**EXERCISE OBJECTIVE**
Copy from the first line below down to and including the line with "此事暴露出我院制度落实不到位". Skip the pictures.

**RECORDS SUPPLIED**
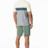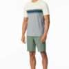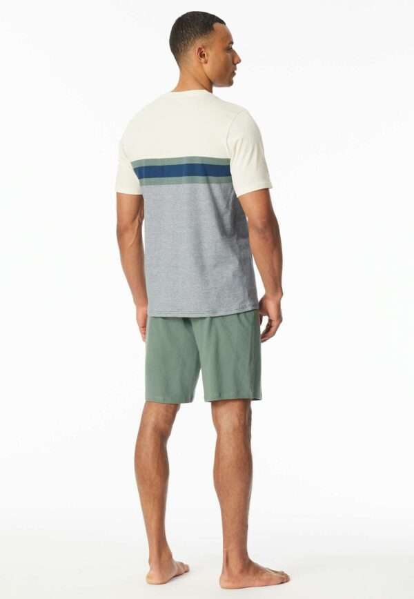 Korte heren pyjama met blauw, wit en geel shirt en short in kaki, uit de SCHIESSER-serie “Casual Nightwear. Shirt met geplaatste strepen. Short in effen kleur met strik in de tailleband, onze modellen zijn 186 cm en 189 cm lang en dragen maat 50/M, in soepele Single Jersey stof met 100% Organic Cotton.
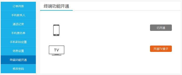 (1)进入【用户中心】→点击左侧【终端功能开通】→选择【开通我的手机】
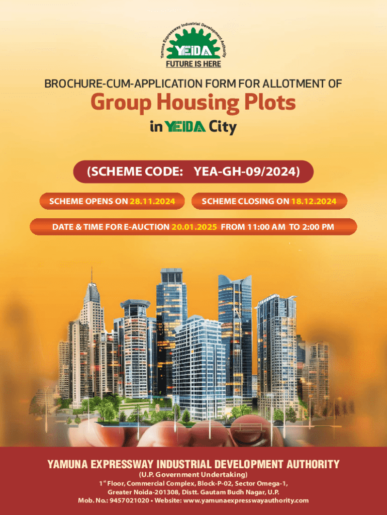 Get the free Brochure-cum-application Form for Allotment of Group Housing Plots in City
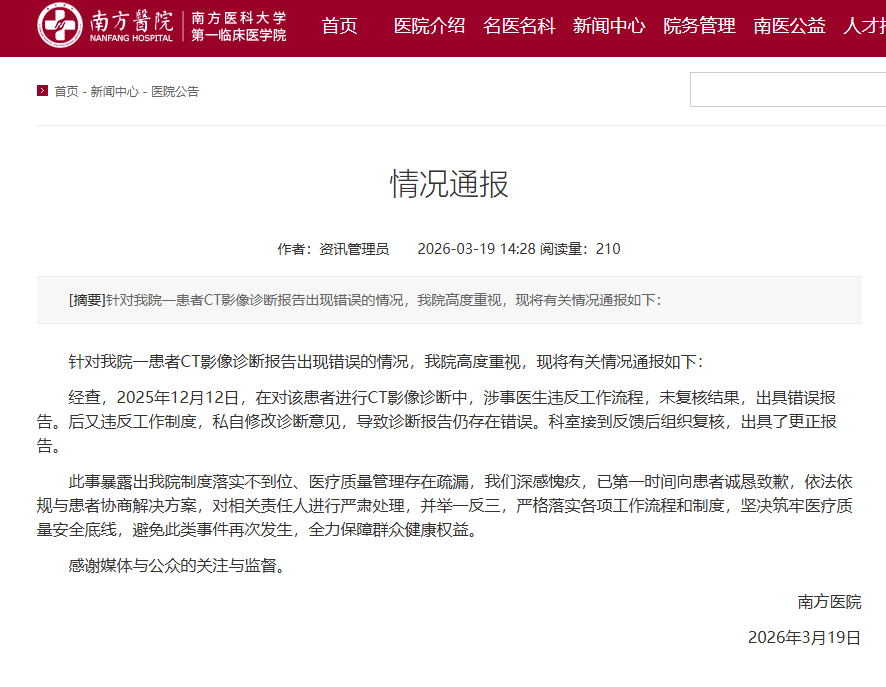此事暴露出我院制度落实不到位、医疗质量管理存在疏漏,我们深感愧疚,已第一时间向患者诚恳致歉,依法依规与患者协商解决方案,对相关责任人进行严肃处理,并举一反三,严格落实各项工作流程和制度,坚决筑牢医疗质量安全底线,避免此类事件再次发生,全力保障群众健康权益。
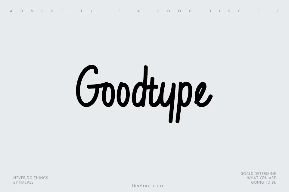 Goodtype Font is a contemporary monoline handwritten display typeface that captures the authentic feel of marker pen lettering with clean, consistent single-stroke letterforms. Ideal for poster headlines, logo branding, social media graphics, and creative visual projects, this handwritten font delivers a casual yet professional appearance. The font’s distinctive monoline style—with uniform line weights throughout all characters—makes it versatile for both playful invitations and modern branding applications. Its approachable aesthetic conveys friendliness and personal connection, perfect for fashion campaigns, event announcements, greeting cards, and product packaging designs that require a human, creative touch without sacrificing legibility or visual impact.
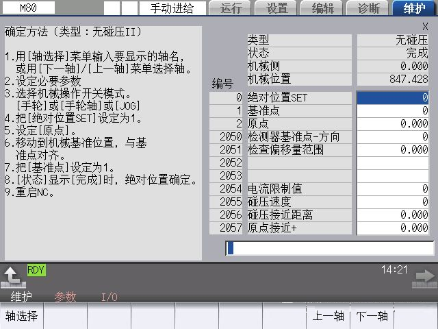 然后把絕對(duì)位置設(shè)定設(shè)定為1,基準(zhǔn)點(diǎn)也設(shè)定為1,這個(gè)軸的原點(diǎn)就設(shè)定好了。
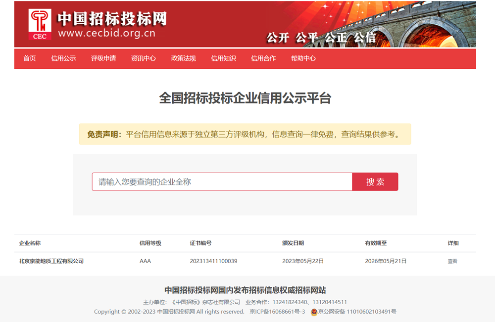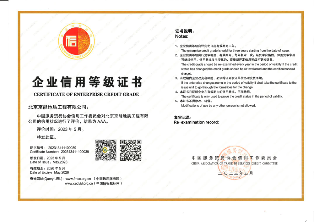 近日,北京京能地質(zhì)工程有限公司順利完成企業(yè)信用評價的復(fù)評工作,再次成功取得企業(yè)信用等級AAA級證書。
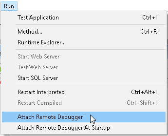 - You can attach back the debugger to the server by selecting Attach Debugger from the Edit menu (if not attached to a remote 4D, see Rejected attachment requests). - In a remote 4D connected to the server, select Attach Remote Debugger from the Run menu:
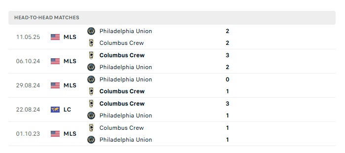 Lịch sử đối đầu Columbus Crew vs Philadelphia Union
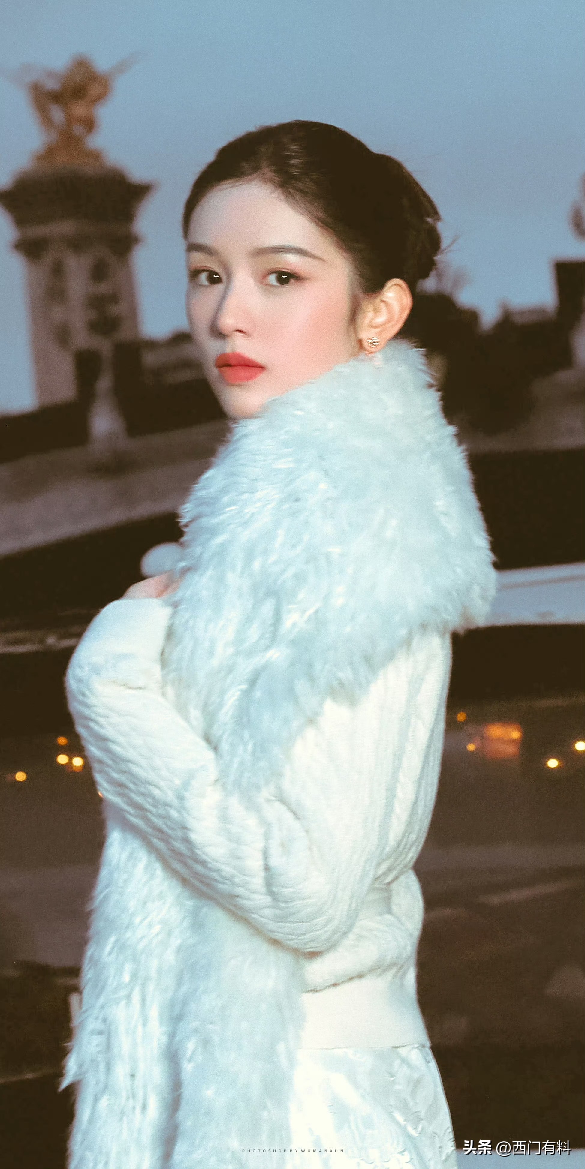 周也巴黎高定时装周造型惊艳全网,冬日白玫瑰与内娱免检大光明发型成焦点!
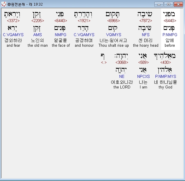 히브리어구약BHS,32 מִפְּנֵי שֵׂיבָה תָּקוּם וְהָדַרְתָּ פְּנֵי זָקֵן וְיָרֵאתָ מֵּאֱלֹהֶיךָ אֲנִי יְהוָה׃ ף
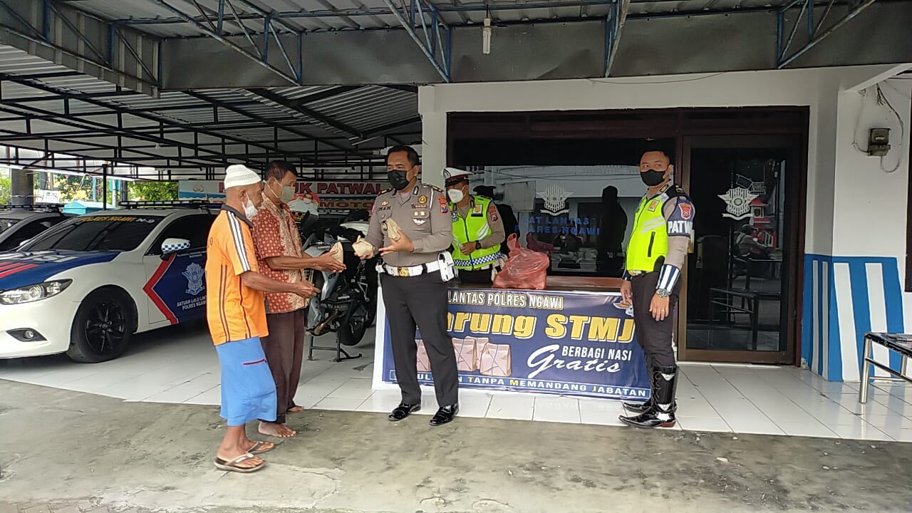 pengendara kendaraan bermotor, oleh karena itu sebagai bentuk kepedulian terhadap masyarakat yang telah antri sejak pagi, Satlantas Polres Ngawi menggelar “Warung Berkah Nasi Gratis”.
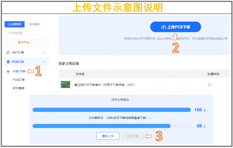 2)上傳PCB下單壓縮包文件(支持AD、PADS格式的原PCB文件,及RS-274X的GERBER文件)
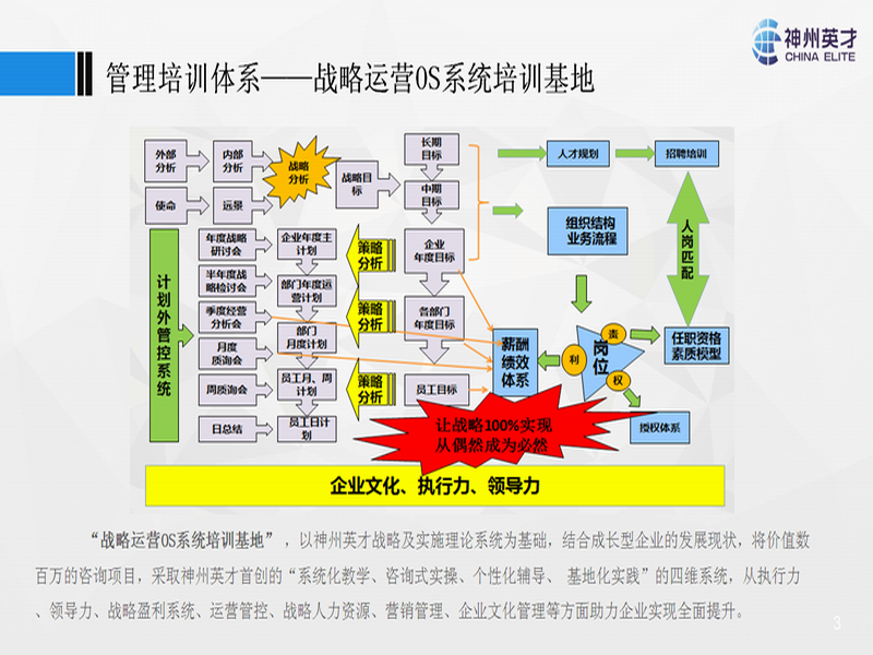 神州英才致力于中國成長型企業的正規化、國際化、持續化,專注于為中國成長型企業提供戰略規劃、業務運營管理、品牌營銷、人力資源管理、企業文化等管理咨詢與培訓服務,同時通過多 層次資本服務平臺為中小企業提供企業上市、企業并購、企業投融資等相關服務。
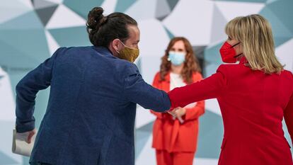 La segunda hora se animó. Ya habían calentado, y veían que pasaba el tiempo y aún no habían echado la parrafada buena, la que habían ensayado. Gabilondo tuvo su mejor momento con lo que tenía más claro, los mantenidos de Ayuso, esa amable expresión de la presidenta para referirse a las colas del hambre. Se veía que al profesor le salía del alma, porque tenía un fondo filosófico, trascendental, de la condición humana, y se pudo explayar. Monasterio vino a bajar el nivel con su cartel que compara el supuesto dinero que se llevan jubilados y menas, que además violan mujeres en los parques, y eso si los okupas no se te meten en casa. Colocó siempre bien su mensaje tan clarito a su público. Ahí se unieron contra ella Gabilondo, Iglesias y también se metió Bal, que al final fue de los que más le sacudió, para recordarle lo que es el Estado de bienestar: “Tienen ustedes que aprenderlo porque son un poco antiguos”. Luego apuntó a Ayuso, y fue cosa de ver cómo los dos exsocios se echaban reproches a la cara. Cuando Gabilondo dijo que si gana no va a subir los impuestos, también se activó ese frente. Iglesias saltó casi con miedo: “Vamos a ver Ángel, desde el compañerismo…”. Y el otro que no y que no, y el exvicepresidente cabeceaba contrariado.
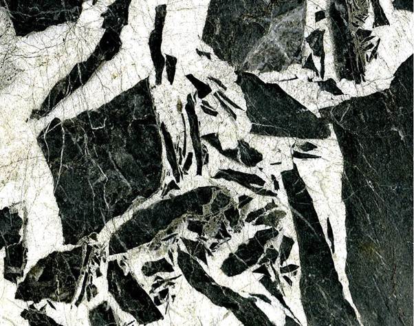 Tectonic breccias in the commercial decorative stone trade are typically called “marbles”.  By definition, any breccia will have abundant large angular fragments.  The tectonic breccias are generated by intense tectonic crushing and fracturing along fault zones in orogenic belts.  Cut & polished samples are typically bicolored or multicolored and are quite striking in appearance.

**ANSWER SECTION**
 Korte heren pyjama met blauw, wit en geel shirt en short in kaki, uit de SCHIESSER-serie “Casual Nightwear. Shirt met geplaatste strepen. Short in effen kleur met strik in de tailleband, onze modellen zijn 186 cm en 189 cm lang en dragen maat 50/M, in soepele Single Jersey stof met 100% Organic Cotton.
 (1)进入【用户中心】→点击左侧【终端功能开通】→选择【开通我的手机】
 Get the free Brochure-cum-application Form for Allotment of Group Housing Plots in City
此事暴露出我院制度落实不到位、医疗质量管理存在疏漏,我们深感愧疚,已第一时间向患者诚恳致歉,依法依规与患者协商解决方案,对相关责任人进行严肃处理,并举一反三,严格落实各项工作流程和制度,坚决筑牢医疗质量安全底线,避免此类事件再次发生,全力保障群众健康权益。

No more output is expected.